Records excerpted from a collection:
--- START ---

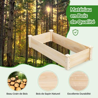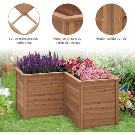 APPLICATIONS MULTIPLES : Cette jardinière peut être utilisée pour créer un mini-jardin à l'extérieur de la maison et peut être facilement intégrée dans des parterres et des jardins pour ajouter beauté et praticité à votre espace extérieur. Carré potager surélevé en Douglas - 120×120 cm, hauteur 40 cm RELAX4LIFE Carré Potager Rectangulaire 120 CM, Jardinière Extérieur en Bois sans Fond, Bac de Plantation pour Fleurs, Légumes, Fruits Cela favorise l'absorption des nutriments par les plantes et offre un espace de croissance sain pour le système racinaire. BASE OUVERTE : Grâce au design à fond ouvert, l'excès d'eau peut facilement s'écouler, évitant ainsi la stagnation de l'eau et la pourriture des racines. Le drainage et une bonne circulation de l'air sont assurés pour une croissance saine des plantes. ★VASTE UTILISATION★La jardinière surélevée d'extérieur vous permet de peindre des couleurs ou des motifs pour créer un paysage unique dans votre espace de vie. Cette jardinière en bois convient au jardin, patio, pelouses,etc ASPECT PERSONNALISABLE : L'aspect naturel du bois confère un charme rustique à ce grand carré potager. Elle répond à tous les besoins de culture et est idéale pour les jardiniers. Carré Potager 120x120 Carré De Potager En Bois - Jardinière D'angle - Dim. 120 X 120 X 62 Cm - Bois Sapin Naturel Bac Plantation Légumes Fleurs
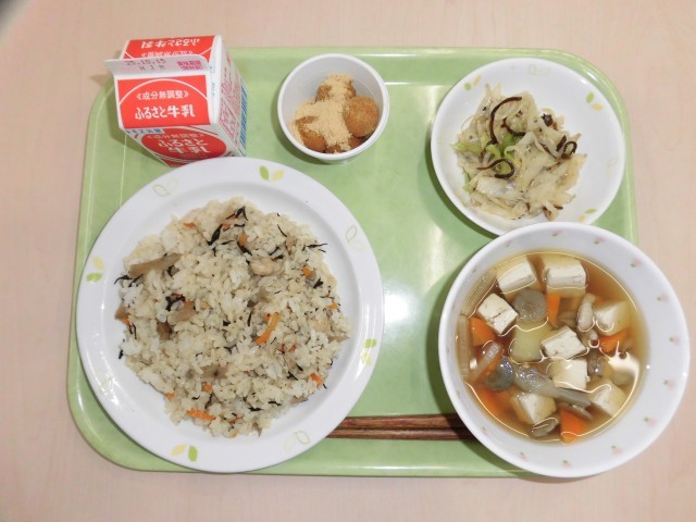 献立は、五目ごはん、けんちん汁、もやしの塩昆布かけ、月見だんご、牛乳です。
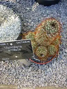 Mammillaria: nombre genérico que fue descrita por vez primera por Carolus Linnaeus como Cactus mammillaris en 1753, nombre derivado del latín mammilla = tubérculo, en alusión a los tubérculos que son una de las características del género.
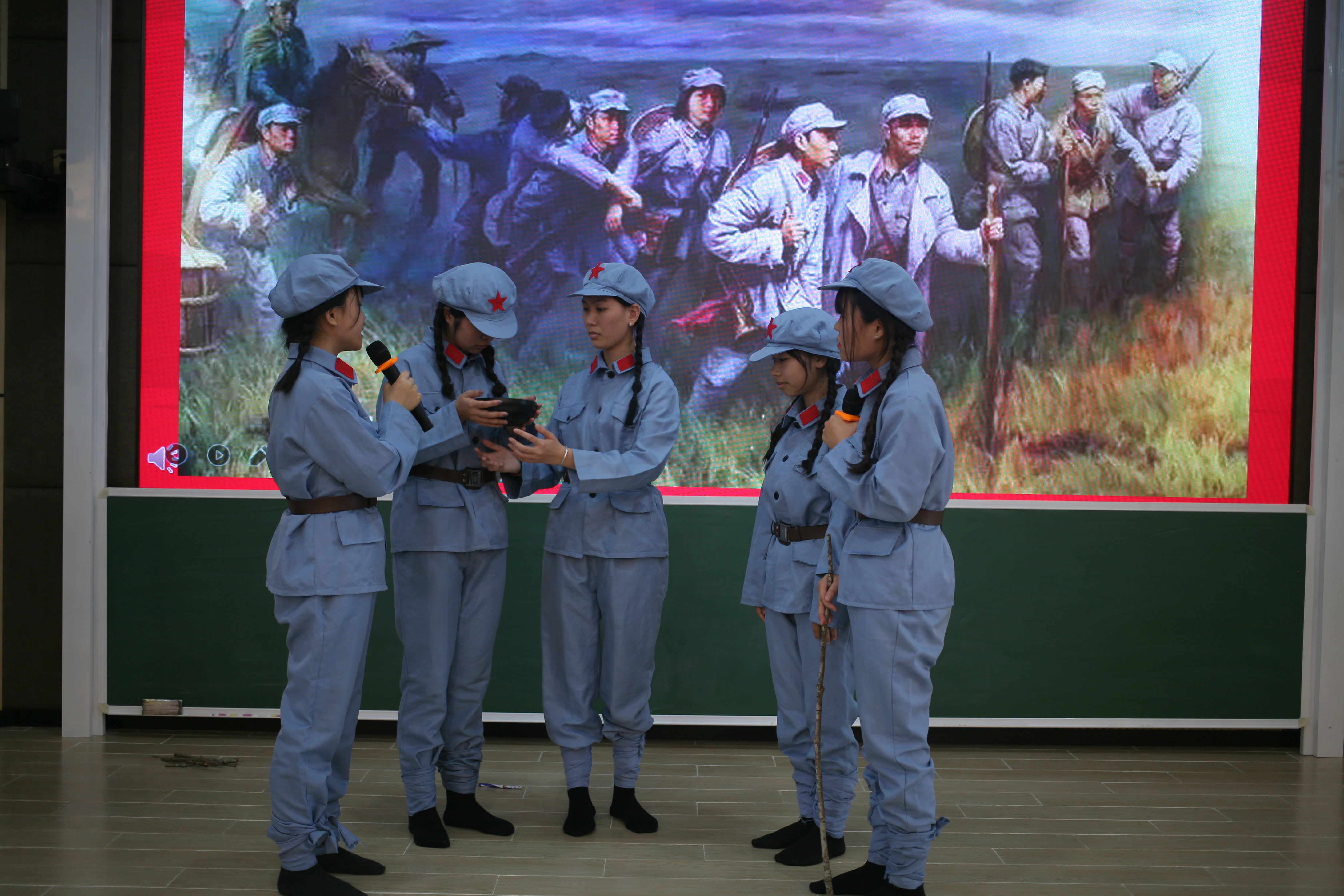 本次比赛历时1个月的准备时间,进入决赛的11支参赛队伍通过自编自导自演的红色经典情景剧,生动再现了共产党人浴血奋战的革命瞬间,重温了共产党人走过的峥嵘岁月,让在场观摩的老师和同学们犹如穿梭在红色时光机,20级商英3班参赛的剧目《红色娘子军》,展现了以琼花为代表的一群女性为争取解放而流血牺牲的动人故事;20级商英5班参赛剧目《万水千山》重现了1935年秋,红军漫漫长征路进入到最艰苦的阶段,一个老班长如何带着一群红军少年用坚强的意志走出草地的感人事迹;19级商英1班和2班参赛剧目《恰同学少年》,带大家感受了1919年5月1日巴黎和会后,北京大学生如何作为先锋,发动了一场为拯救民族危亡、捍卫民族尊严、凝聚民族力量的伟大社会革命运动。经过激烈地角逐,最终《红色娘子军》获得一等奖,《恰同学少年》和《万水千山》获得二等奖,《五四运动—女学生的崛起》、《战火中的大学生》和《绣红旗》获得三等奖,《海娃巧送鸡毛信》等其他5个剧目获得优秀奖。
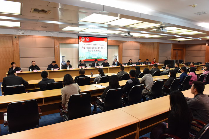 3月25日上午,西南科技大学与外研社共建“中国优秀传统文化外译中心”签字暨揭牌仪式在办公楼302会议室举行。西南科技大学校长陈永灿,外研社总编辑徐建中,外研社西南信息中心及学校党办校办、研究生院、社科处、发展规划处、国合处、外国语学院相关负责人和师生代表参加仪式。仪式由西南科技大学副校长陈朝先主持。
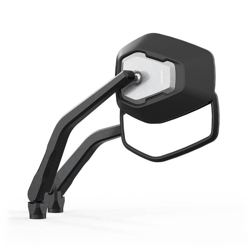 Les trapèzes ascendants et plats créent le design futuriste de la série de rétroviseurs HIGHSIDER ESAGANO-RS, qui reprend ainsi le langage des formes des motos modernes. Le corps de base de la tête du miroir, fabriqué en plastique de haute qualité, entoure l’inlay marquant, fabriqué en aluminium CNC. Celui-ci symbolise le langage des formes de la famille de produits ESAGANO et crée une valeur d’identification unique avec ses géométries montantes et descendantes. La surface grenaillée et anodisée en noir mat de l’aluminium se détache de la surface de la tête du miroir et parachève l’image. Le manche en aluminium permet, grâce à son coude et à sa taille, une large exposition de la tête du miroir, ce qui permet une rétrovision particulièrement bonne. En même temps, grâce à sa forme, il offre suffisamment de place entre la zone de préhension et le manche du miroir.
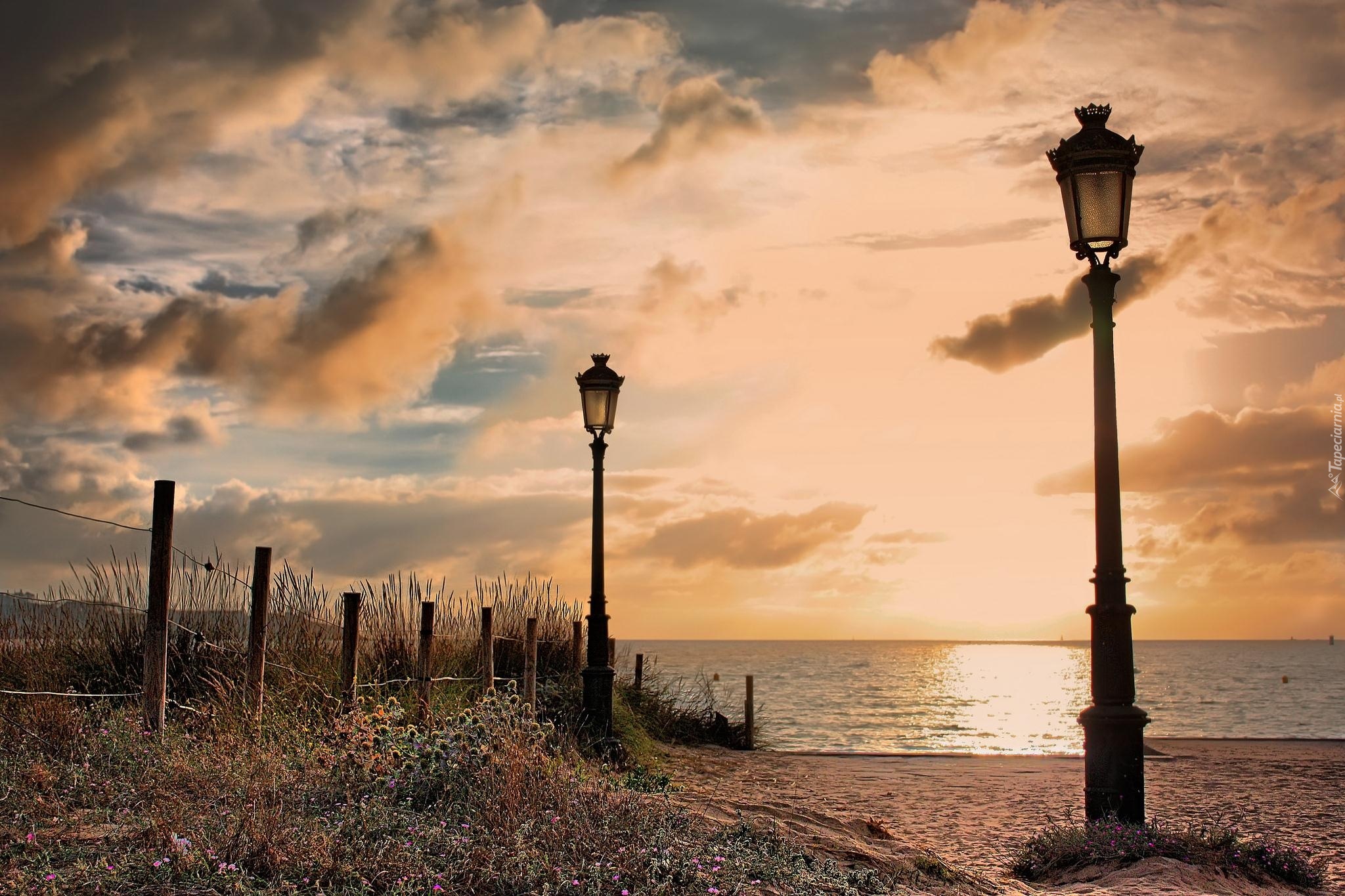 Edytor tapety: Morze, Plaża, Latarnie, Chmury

--- END ---

Task prompt: Please print the entries exactly as they stand. Images are not part of the copy.

Output for this task:
 APPLICATIONS MULTIPLES : Cette jardinière peut être utilisée pour créer un mini-jardin à l'extérieur de la maison et peut être facilement intégrée dans des parterres et des jardins pour ajouter beauté et praticité à votre espace extérieur. Carré potager surélevé en Douglas - 120×120 cm, hauteur 40 cm RELAX4LIFE Carré Potager Rectangulaire 120 CM, Jardinière Extérieur en Bois sans Fond, Bac de Plantation pour Fleurs, Légumes, Fruits Cela favorise l'absorption des nutriments par les plantes et offre un espace de croissance sain pour le système racinaire. BASE OUVERTE : Grâce au design à fond ouvert, l'excès d'eau peut facilement s'écouler, évitant ainsi la stagnation de l'eau et la pourriture des racines. Le drainage et une bonne circulation de l'air sont assurés pour une croissance saine des plantes. ★VASTE UTILISATION★La jardinière surélevée d'extérieur vous permet de peindre des couleurs ou des motifs pour créer un paysage unique dans votre espace de vie. Cette jardinière en bois convient au jardin, patio, pelouses,etc ASPECT PERSONNALISABLE : L'aspect naturel du bois confère un charme rustique à ce grand carré potager. Elle répond à tous les besoins de culture et est idéale pour les jardiniers. Carré Potager 120x120 Carré De Potager En Bois - Jardinière D'angle - Dim. 120 X 120 X 62 Cm - Bois Sapin Naturel Bac Plantation Légumes Fleurs
 献立は、五目ごはん、けんちん汁、もやしの塩昆布かけ、月見だんご、牛乳です。
 Mammillaria: nombre genérico que fue descrita por vez primera por Carolus Linnaeus como Cactus mammillaris en 1753, nombre derivado del latín mammilla = tubérculo, en alusión a los tubérculos que son una de las características del género.
 本次比赛历时1个月的准备时间,进入决赛的11支参赛队伍通过自编自导自演的红色经典情景剧,生动再现了共产党人浴血奋战的革命瞬间,重温了共产党人走过的峥嵘岁月,让在场观摩的老师和同学们犹如穿梭在红色时光机,20级商英3班参赛的剧目《红色娘子军》,展现了以琼花为代表的一群女性为争取解放而流血牺牲的动人故事;20级商英5班参赛剧目《万水千山》重现了1935年秋,红军漫漫长征路进入到最艰苦的阶段,一个老班长如何带着一群红军少年用坚强的意志走出草地的感人事迹;19级商英1班和2班参赛剧目《恰同学少年》,带大家感受了1919年5月1日巴黎和会后,北京大学生如何作为先锋,发动了一场为拯救民族危亡、捍卫民族尊严、凝聚民族力量的伟大社会革命运动。经过激烈地角逐,最终《红色娘子军》获得一等奖,《恰同学少年》和《万水千山》获得二等奖,《五四运动—女学生的崛起》、《战火中的大学生》和《绣红旗》获得三等奖,《海娃巧送鸡毛信》等其他5个剧目获得优秀奖。
 3月25日上午,西南科技大学与外研社共建“中国优秀传统文化外译中心”签字暨揭牌仪式在办公楼302会议室举行。西南科技大学校长陈永灿,外研社总编辑徐建中,外研社西南信息中心及学校党办校办、研究生院、社科处、发展规划处、国合处、外国语学院相关负责人和师生代表参加仪式。仪式由西南科技大学副校长陈朝先主持。
 Les trapèzes ascendants et plats créent le design futuriste de la série de rétroviseurs HIGHSIDER ESAGANO-RS, qui reprend ainsi le langage des formes des motos modernes. Le corps de base de la tête du miroir, fabriqué en plastique de haute qualité, entoure l’inlay marquant, fabriqué en aluminium CNC. Celui-ci symbolise le langage des formes de la famille de produits ESAGANO et crée une valeur d’identification unique avec ses géométries montantes et descendantes. La surface grenaillée et anodisée en noir mat de l’aluminium se détache de la surface de la tête du miroir et parachève l’image. Le manche en aluminium permet, grâce à son coude et à sa taille, une large exposition de la tête du miroir, ce qui permet une rétrovision particulièrement bonne. En même temps, grâce à sa forme, il offre suffisamment de place entre la zone de préhension et le manche du miroir.
 Edytor tapety: Morze, Plaża, Latarnie, Chmury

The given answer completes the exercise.